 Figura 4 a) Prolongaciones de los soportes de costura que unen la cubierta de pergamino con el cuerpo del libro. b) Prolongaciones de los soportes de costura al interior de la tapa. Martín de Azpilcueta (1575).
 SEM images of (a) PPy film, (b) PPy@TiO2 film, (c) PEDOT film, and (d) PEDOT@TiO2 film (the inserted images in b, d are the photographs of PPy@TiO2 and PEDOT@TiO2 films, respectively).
==========
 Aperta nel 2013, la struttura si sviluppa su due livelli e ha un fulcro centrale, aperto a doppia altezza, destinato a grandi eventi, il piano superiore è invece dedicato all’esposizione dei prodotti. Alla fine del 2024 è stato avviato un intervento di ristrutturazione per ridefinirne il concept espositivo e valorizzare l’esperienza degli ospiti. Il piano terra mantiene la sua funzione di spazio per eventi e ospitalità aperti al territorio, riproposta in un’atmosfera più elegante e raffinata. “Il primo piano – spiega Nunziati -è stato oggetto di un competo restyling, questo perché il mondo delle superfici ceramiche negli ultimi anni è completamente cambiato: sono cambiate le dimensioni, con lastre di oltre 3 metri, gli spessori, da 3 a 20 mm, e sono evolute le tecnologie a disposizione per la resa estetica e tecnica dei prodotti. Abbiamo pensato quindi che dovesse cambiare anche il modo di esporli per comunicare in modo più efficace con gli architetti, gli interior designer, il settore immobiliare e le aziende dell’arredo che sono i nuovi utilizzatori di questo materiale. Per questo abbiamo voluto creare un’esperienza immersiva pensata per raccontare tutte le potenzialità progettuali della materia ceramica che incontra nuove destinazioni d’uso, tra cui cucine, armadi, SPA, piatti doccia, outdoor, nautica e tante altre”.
==========
REQUIREMENT: Copy, exactly and only, the lines above that begin with the one containing "Figura 4 a)" and finish with the one containing "SEM images of".

SOLUTION TO THE PROBLEM:
 Figura 4 a) Prolongaciones de los soportes de costura que unen la cubierta de pergamino con el cuerpo del libro. b) Prolongaciones de los soportes de costura al interior de la tapa. Martín de Azpilcueta (1575).
 SEM images of (a) PPy film, (b) PPy@TiO2 film, (c) PEDOT film, and (d) PEDOT@TiO2 film (the inserted images in b, d are the photographs of PPy@TiO2 and PEDOT@TiO2 films, respectively).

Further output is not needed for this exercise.